After the zen-like repetition of sharpening a bunch of knives, it was time to get messy, time to wax the bibs.  C.C. Filson founded his company in Seattle in 1897, catering to the hordes of Klondike Gold Rush fortune-seekers with a line of tough-as-nails outdoor clothing and gear.  Filson's trademark Tin Cloth, basically canvas impregnated with paraffin, remains the toughest waterproof cloth you can find today, at least in my opinion.  In order to maintain the waterproof qualities, wax must be applied occasionally.  You take a heat gun or hair dryer, and just get in there with your hands, smearing warm wax into all the high wear areas.  It's a fun job for a formerly obsessed mud pie builder.

If I had to pick a single piece of outdoor clothing for the rest of forever, my Filson Double Tin Bibs would be the obvious choice.  If only because they might last that long.  They are the best of all worlds, and have been for more than a hundred years.  A boon for the upland hunter, they withstand the thickest stands of Prickly Ash, briars, and Buckthorn with ease.  Where synthetic waterproofs would be shredded, where Cordura brush pants would be soaked, Tin Cloth outshines them all.  If you're looking for gentle comfort, look elsewhere.  These things practically stand up on their own out of the box, the closest you can come to wearing aluminum siding, they need some serious breaking in before you stop walking like the Tin Man.  But you can charge through the nastiest cover in them without becoming an involuntary blood donor or drowned rat, then plop down on any convenient stump for a water break without getting a soggy bottom.  Totally worth it.

The "Good Old Days" should not always be lovingly fawned over through rose colored glasses.  Times were often tough, with hardscrabble men and women barely squeezing out a meager existence.  Modern life definitely has it's advantages.  I like modern dentistry, anesthetics, and using the loo indoors when it's colder than hell outside.  That being said, occasionally men like Filson, Kromer, and Marble really hit the nail on the head.

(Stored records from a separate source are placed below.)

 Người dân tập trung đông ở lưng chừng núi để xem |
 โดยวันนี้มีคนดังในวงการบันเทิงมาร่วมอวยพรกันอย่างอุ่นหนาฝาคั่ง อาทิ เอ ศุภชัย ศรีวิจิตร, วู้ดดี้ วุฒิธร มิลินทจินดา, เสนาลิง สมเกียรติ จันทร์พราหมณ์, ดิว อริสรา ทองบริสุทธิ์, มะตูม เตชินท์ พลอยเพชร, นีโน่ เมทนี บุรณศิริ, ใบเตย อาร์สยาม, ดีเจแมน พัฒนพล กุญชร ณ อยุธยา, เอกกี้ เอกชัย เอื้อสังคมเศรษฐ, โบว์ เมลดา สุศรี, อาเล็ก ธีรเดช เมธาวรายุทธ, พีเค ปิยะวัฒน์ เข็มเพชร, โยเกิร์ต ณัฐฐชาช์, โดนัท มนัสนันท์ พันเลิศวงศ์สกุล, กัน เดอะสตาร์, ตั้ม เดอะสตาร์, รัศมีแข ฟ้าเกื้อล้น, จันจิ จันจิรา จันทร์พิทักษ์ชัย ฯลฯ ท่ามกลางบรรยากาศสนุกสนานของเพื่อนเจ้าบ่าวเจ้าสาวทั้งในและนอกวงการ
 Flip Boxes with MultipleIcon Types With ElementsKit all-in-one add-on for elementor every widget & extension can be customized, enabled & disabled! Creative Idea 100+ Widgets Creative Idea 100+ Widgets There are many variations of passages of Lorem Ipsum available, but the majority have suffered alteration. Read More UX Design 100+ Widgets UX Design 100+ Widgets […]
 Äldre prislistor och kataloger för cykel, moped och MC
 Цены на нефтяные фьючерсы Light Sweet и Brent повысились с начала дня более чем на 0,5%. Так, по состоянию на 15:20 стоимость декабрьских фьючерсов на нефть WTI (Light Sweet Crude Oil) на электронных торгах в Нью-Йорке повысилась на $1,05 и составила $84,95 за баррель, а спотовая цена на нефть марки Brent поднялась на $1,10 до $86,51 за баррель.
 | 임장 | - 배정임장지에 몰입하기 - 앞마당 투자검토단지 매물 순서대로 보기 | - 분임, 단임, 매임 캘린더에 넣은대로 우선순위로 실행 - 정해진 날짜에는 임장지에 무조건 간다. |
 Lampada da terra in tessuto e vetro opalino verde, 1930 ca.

Monday, September 19, 2011

Comfort and Redemption

We hunted last weekend.  Finally.

We were hunting deer on alfalfa fields.  It's a vastly different operation than our gun deer hunt in the woods up north come November.  Here in Wisconsin, farmers can apply for crop damage deer shooting permits, allowing hunters to shoot antlerless deer on their property.  And "shooting" might be a better term than "hunting" in this case.  There isn't a ton of strategy involved.  Generally speaking, the farmer knows when and where the deer tend to come out in the fields.  We simply hunker down in a blind or behind some bales, and wait.  It's a good system.  The farmer gets relief from some of the damage caused by the deer nibbling away at his livelihood, the hunters get to stock the freezer.

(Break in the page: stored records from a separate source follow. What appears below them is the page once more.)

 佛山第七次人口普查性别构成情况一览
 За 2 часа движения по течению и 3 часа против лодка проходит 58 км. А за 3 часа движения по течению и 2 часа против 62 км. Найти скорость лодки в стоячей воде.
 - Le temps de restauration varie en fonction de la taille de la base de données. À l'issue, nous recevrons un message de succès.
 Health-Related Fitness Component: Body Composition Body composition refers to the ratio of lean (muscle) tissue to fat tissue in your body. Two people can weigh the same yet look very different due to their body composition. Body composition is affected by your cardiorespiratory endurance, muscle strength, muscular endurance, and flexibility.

I enjoy being the one of the youngest men in this particular crew.  I don't think we need to go all new-age here, proclaiming the virtues of hunting with and learning from one's elders, but there is an element of that.  There are plenty of opportunities for me to shut up and listen to the older guys, but more so, to laugh along with them as they tell the stories of the camps, the decades-long narrative of that thing that brings us all together up there.  Over the past 15 years I've even managed to insert myself into a tale or two, but I enjoy the ones that occurred when I was still toddling around with my hand in my mouth more.  They have a sort of mystical quality about them.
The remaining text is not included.